About this exercise → Look through the records below for the line holding "Sáfrány úti barlanglakások a csillagok alatt". Write it out exactly, with each following line through the line holding "Az Egerszalóktól délkeletre".

Exercise data →
########################################
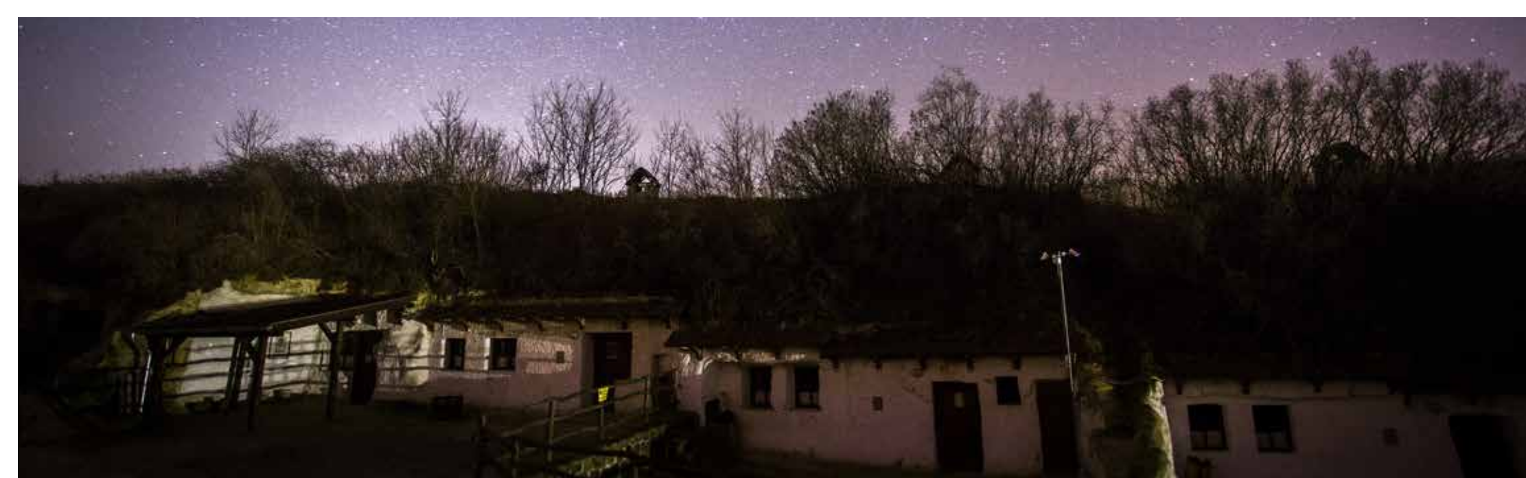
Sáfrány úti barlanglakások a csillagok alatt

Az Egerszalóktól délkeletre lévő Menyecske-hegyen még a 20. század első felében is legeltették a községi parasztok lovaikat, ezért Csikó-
########################################
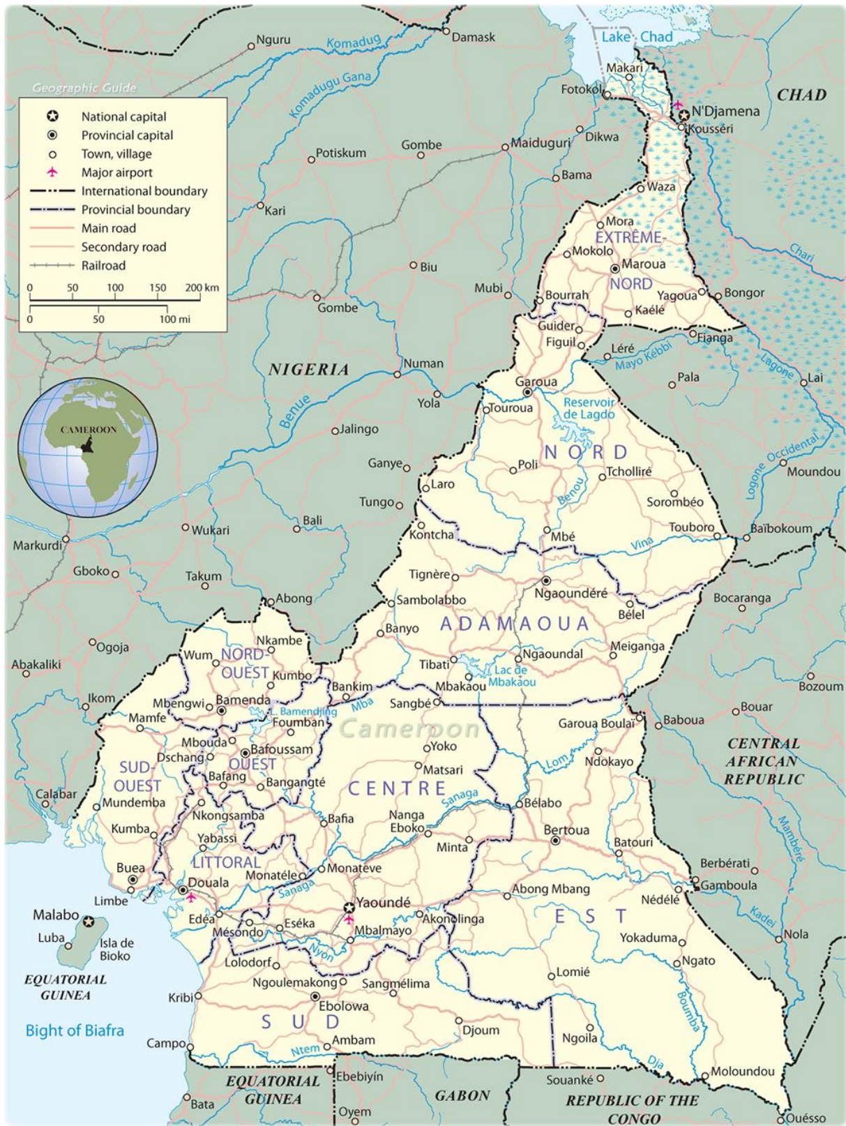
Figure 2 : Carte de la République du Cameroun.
########################################
Task solution →
Sáfrány úti barlanglakások a csillagok alatt

Az Egerszalóktól délkeletre lévő Menyecske-hegyen még a 20. század első felében is legeltették a községi parasztok lovaikat, ezért Csikó-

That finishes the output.